The story recounts, in "flashback" form—an interview between a reporter and a crusty old-timer—a risky attempt by a future Chinese government to claim and settle the planet Venus, at a time when China is the only ethnic nation on Earth that has survived as a distinct entity through a global nuclear war and a long dark age that followed. The story implicitly compares Western and Chinese approaches to solving an impossible problem and shows the Chinese solution as successful, but at a price that Westerners would find repugnant.

==Plot summary==
The setting is the type of benign Venus imagined before the first space probes penetrated the clouds of that planet. Colonization has become stymied by the native inhabitants (loudies), who are apparently sentient bubbles that float around the landscape, getting in the way of human progress. Attempts to communicate with them produce no response. Confining them is useless (they drift back) and killing them produces a deadly explosion that contaminates a thousand acres (4 km²). The non-Chinese authorities of the early Instrumentality government have no answer.

The ruler of Goonhogo (the entity that replaced China under the early Instrumentality) decrees that 82 million Chinesians (men, women, and children) be dropped from space, parachuting down to the surface. Each one has a simple mission — herd the bubbles together. Many die in the process, both in landing and from the bubbles exploding. The rest corralled the loudies together into herds, where they eventually starve, wiping out the species. Meanwhile, more Chinese parachute down with rice seeds and begin planting. Eventually, by sheer weight of numbers, the Chinese conquer Venus.
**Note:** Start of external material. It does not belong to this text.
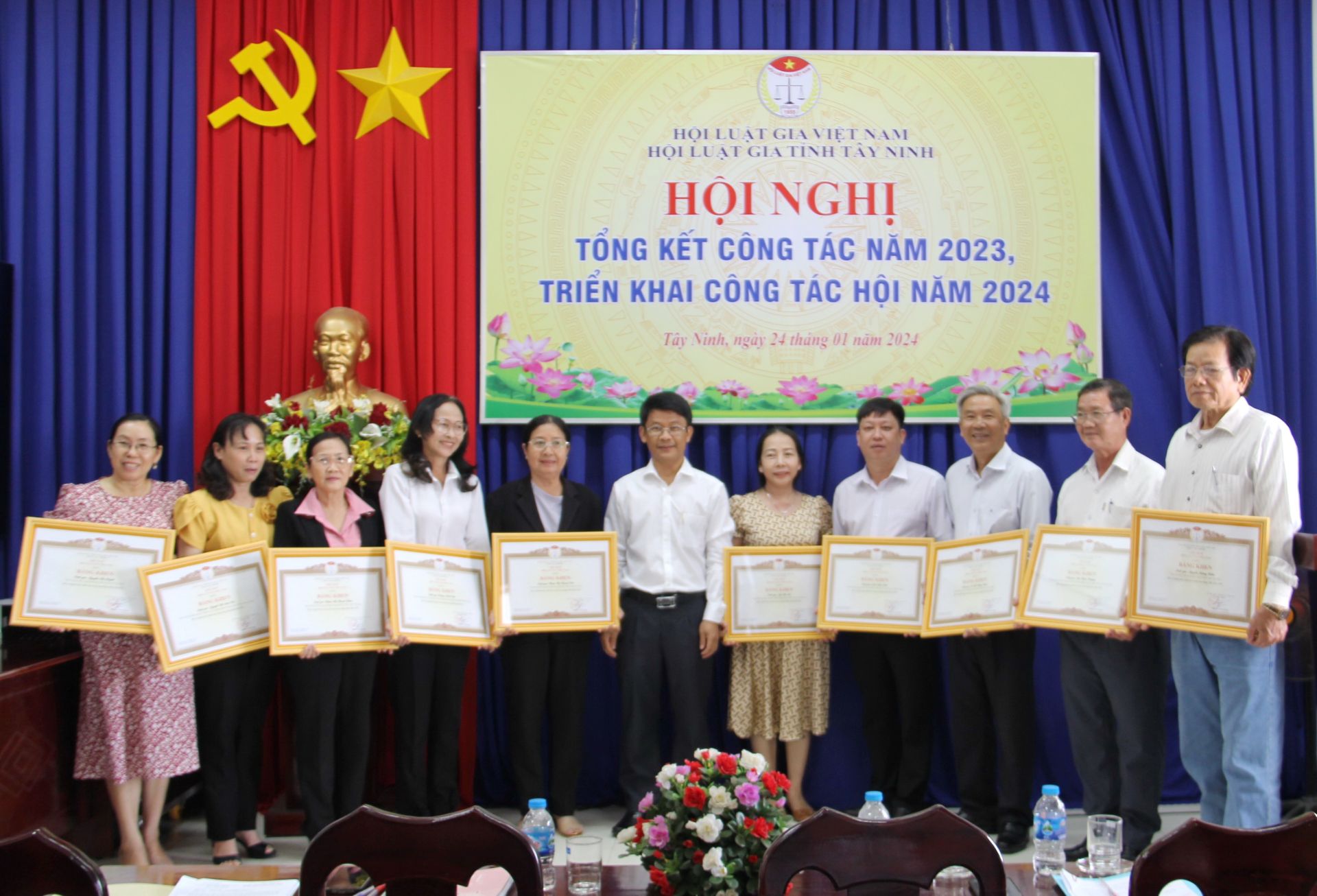 Ông Hồ Thành Hiên- Phó trưởng Ban Nội Chính Tỉnh uỷ trao bằng khen của UBND tỉnh cho Hội Luật gia TP. Tây Ninh, Hội Luật gia huyện Gò Dầu, Chi hội Luật gia Văn phòng Hội Luật gia tỉnh, Chi hội Luật gia Công an tỉnh, Chi hội Luật gia Sở Tư pháp đã có thành tích xuất sắc trong hoạt động năm 2023. Lãnh đạo Hội Luật gia tỉnh cũng trao bằng khen của Hội Luật gia Việt Nam và giấy khen của Hội Luật gia tỉnh cho các tập thể, cá nhân có thành tích trong công tác Hội năm 2023.
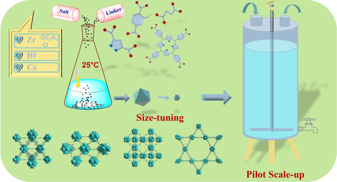 2. Angew: 室温合成Zr,Hf,Ce基MOF在室温中通过绿色方法合成MOF材料,受到广泛关注。该方法制备的MOF能构建多种官能团,但是仅有少数例子能够在温和条件中合成由IV价金属构成的MOF,而且合成方法有产率较低、合成步骤复杂等缺点,导致其无法用于各种应用中。有鉴于此,巴黎文理研究大学Antoine Tissot、Christian Serre等报道一种一步简单方法在室温中合成一系列多孔结构M6(IV)氧簇MOF材料(M=Zr,Hf,Ce),通过不同有机配体修饰,能分别构建8元/12元多孔结构。1)通过一步法合成多孔Zr/Hf/Ce羧酸基MOF,而且通过调控合成过程参数能够控制产物粒径大小。尝试了5 L放大合成系统,展示了大规模合成可行性。2)得到的产物中有不同程度的缺陷,同时保持MOF结构的稳定性。通过原位动力学方法对MOF材料生长过程进行分析,结果显示该合成方法能够在室温中非常高效,同时产物粒径可调控,为其实际应用提供了机会。Shan Dai, Farid Nouar, Sanjun Zhang, Antoine Tissot*, Christian Serre*, One‐step versatile room temperature synthesis of metal(IV) carboxylate MOFs, Angew. Chem. Int. Ed. 2020DOI: 10.1002/anie.202014184https://www.onlinelibrary.wiley.com/doi/abs/10.1002/anie.202014184

Smith's point in the story is evidently to demonstrate how Chinese attitudes such as fatalism and obedience to authority, coupled with their large numbers, could outperform the "Yankee ingenuity" and "self-reliant individual" attitudes predominant in mainstream 1950s American science fiction of the time. (However, it is implied that the separate Chinese government and Chinese ethnic identity of the time of the Venus colonization no longer exist in the same form by the time of the story's "frame" interview.)

==Collection==

In 2007, Baen Books released a 599-page collection titled When the People Fell in trade paperback format, which contained this short story and 28 other short works by Smith, in addition an introductory essay by the writer and editor Frederik Pohl. The story was re-released in 2012 in mass market paperback form (with 848 pages). All of the story texts in this collection and its companion, We, The Underpeople, are derived from the revised and corrected NESFA Press editions of Smith's work in the 1990s.